**What is needed:** Starting at the line that contains "備考 | ・建築条件付き土地" and stopping at the line that contains "Glass Marquee Award", restate each line of the records below exactly. Omit the pictures.

*** Available data Section Begins ***

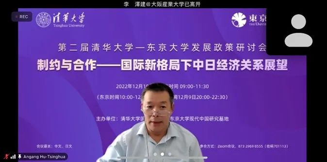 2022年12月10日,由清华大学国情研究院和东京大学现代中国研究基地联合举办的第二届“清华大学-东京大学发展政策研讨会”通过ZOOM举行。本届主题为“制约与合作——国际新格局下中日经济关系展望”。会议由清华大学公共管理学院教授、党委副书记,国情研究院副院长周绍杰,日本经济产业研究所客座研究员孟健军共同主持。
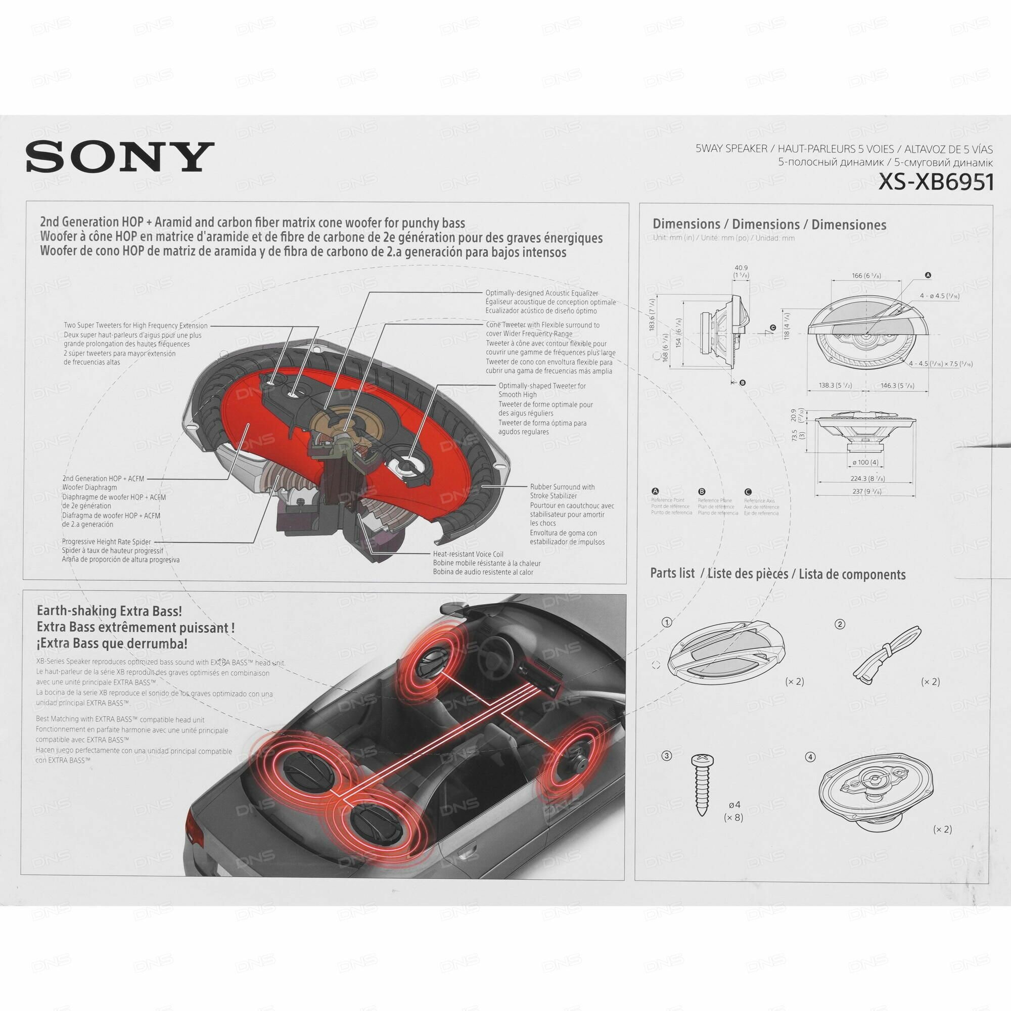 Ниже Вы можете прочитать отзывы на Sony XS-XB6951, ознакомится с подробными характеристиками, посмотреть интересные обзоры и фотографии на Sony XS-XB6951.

*** Available data Section Ends ***
*** Available data Section Begins ***

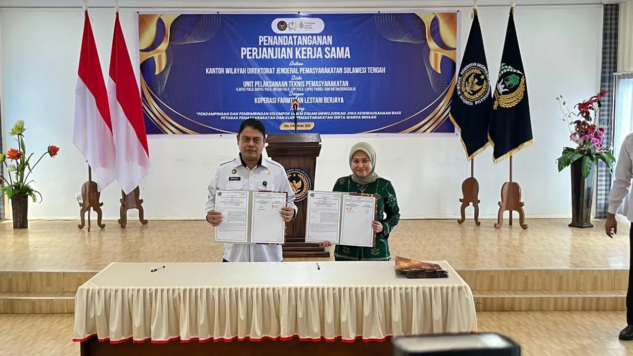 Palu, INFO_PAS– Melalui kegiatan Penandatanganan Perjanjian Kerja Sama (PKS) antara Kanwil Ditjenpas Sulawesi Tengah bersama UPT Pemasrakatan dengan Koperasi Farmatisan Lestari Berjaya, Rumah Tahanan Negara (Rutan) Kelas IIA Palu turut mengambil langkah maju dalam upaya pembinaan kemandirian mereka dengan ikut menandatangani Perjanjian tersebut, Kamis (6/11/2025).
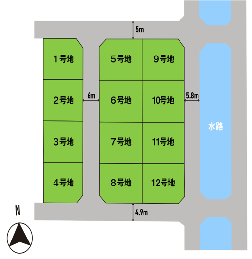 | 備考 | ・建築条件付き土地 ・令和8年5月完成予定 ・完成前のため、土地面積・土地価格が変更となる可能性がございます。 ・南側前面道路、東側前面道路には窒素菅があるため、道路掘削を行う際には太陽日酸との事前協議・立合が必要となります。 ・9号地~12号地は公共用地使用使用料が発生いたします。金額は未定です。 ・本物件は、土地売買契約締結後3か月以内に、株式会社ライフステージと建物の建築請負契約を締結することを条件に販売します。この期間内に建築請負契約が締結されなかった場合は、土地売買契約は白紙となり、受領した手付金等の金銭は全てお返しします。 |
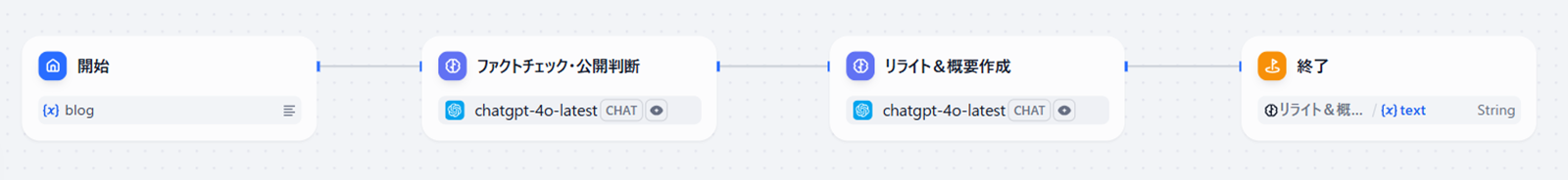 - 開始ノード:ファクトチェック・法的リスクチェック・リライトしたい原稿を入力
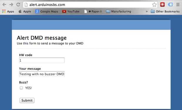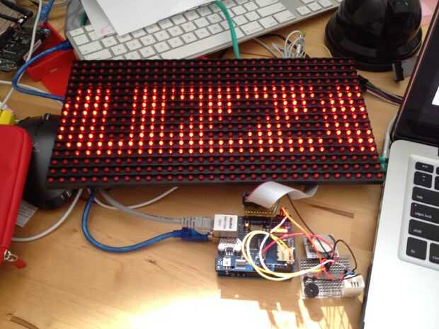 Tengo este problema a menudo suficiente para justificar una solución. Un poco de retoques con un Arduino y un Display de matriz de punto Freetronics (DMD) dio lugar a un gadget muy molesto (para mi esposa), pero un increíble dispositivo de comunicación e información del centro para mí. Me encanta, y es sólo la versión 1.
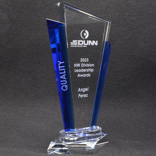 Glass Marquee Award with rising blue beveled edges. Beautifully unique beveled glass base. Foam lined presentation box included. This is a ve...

*** Available data Section Ends ***
*** Available data Section Begins ***

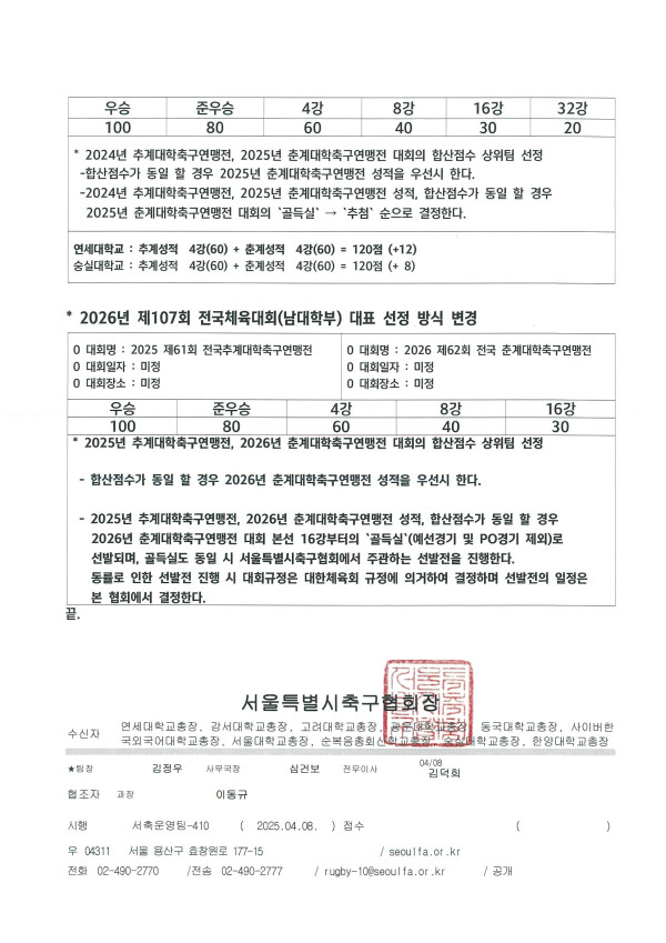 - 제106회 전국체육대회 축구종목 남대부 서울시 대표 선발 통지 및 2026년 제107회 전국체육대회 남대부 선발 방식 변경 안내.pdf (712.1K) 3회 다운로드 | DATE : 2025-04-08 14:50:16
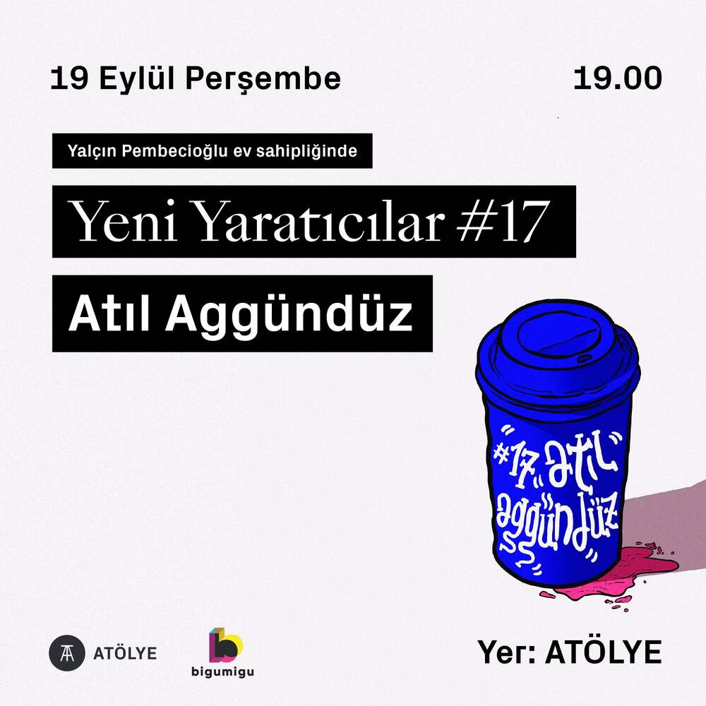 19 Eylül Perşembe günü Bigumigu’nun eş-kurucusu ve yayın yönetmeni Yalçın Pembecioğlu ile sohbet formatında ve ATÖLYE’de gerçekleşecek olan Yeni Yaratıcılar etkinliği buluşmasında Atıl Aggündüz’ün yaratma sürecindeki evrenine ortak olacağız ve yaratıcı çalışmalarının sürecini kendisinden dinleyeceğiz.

*** Available data Section Ends ***

**Output for this exercise:**
 | 備考 | ・建築条件付き土地 ・令和8年5月完成予定 ・完成前のため、土地面積・土地価格が変更となる可能性がございます。 ・南側前面道路、東側前面道路には窒素菅があるため、道路掘削を行う際には太陽日酸との事前協議・立合が必要となります。 ・9号地~12号地は公共用地使用使用料が発生いたします。金額は未定です。 ・本物件は、土地売買契約締結後3か月以内に、株式会社ライフステージと建物の建築請負契約を締結することを条件に販売します。この期間内に建築請負契約が締結されなかった場合は、土地売買契約は白紙となり、受領した手付金等の金銭は全てお返しします。 |
 - 開始ノード:ファクトチェック・法的リスクチェック・リライトしたい原稿を入力
 Tengo este problema a menudo suficiente para justificar una solución. Un poco de retoques con un Arduino y un Display de matriz de punto Freetronics (DMD) dio lugar a un gadget muy molesto (para mi esposa), pero un increíble dispositivo de comunicación e información del centro para mí. Me encanta, y es sólo la versión 1.
 Glass Marquee Award with rising blue beveled edges. Beautifully unique beveled glass base. Foam lined presentation box included. This is a ve...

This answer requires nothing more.